Mayor of the West Midlands Andy Street said: “We took this opportunity to show the Minister the ground-breaking work being done with big data to deal with traffic congestion on our roads.

"It is a major issue for many thousands of people a day as they travel about our region which is why we are investing more than £1 billion in improving our bus, train, tram and cycling infrastructure around the region as well as relieving some of our notorious congestion hotspots such as Birchley Island in Oldbury.

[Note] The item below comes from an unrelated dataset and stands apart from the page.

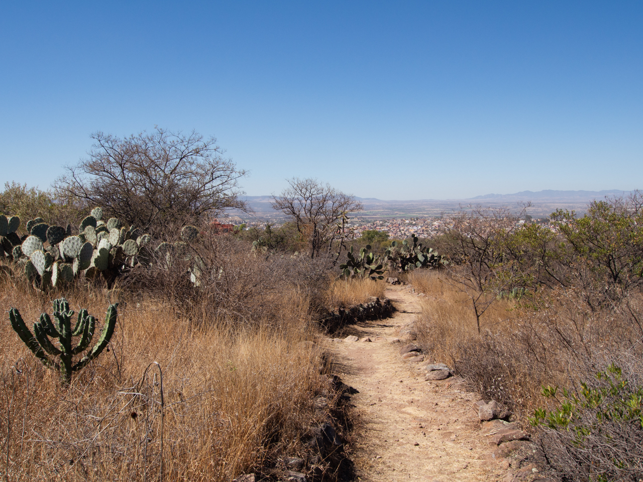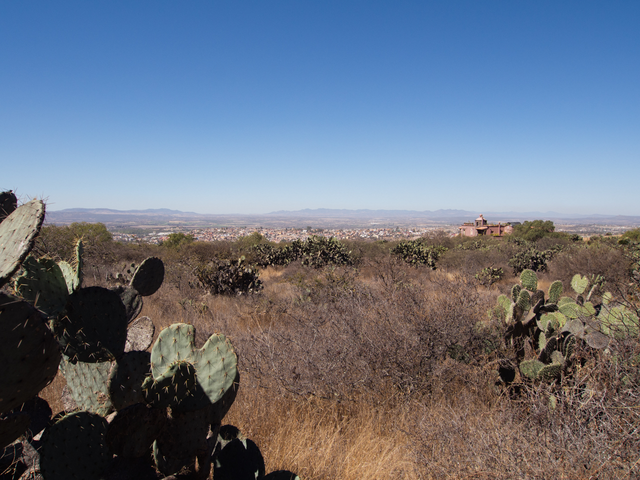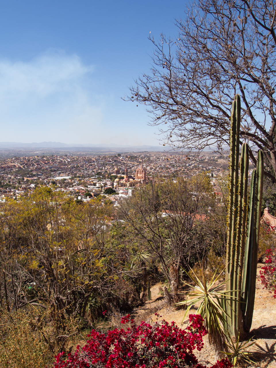 Tout en haut, je tombe sur un jardin avec de nombreux cactus puis au-dessus une esplanade qui où sont installés des bancs. D’ici, on est au sommet de San Miguel de Allende et on embrasse toute la ville.

Alongside this we have introduced the RTCC which uses the vast amounts of data gathered to produce better travel information, and even spot problems before they develop, so people spend less time sat in their cars – saving them time and benefitting our environment in the process.”

Live Labs programme director Giles Perkins said: “The ADEPT Live Labs programme represents the cutting edge of innovation in the local roads sector.

“We are pleased that the Minister and Mayor have been able to see first-hand the great things that our West Midlands colleagues have achieved with their approach to the application of large-scale data processing to help solve challenging congestion issues. Over the coming months we’ll be sharing insights and learnings from the programme widely so that the whole of industry can benefit from DfT’s £23m investment.”

As well as the large-scale data gathering operation in the Live Lab, work is also being carried out, under TfWM’s Future Transport Zone umbrella, to study and research individual travel patterns and behaviour to find ways of better targeting messages to encourage people to change their travel choices – such as choose a better time of day or switch to public transport.

The Minister also spent time with the Future Transport Zone and West Midlands 5G to find out more about their work on innovative projects including the autonomous vehicle testbed. Reducing the traffic congestion on the roads can help cut carbon emissions and improve air quality as part of our #wm2041 plans for a net zero carbon region.

Councillor Ian Ward, Leader of Birmingham City Council, said: "We're harnessing cutting edge technology in the Live Lab to boost our efforts to reduce congestion and change the way people travel across the region.

"Information gathered from the traffic counters is helping us to better manage our network and design new ways of getting about to reduce gridlock and encourage more walking, cycling and greater use of public transport." ADEPT represents local authority, county, unitary and metropolitan directors.

The ADEPT SMART Places Live Labs programme is a two-year £22.9 million project funded by the Department for Transport and supported by project partners SNC-Lavalin’s Atkins business, EY, Kier, O2, Ringway and WSP. Nine local authorities are working on projects to introduce digital innovation across SMART mobility, transport, highways, maintenance, data, energy and communications.

Live Labs is part of ADEPT’s SMART Places programme to support the use of digital technology in place-based services.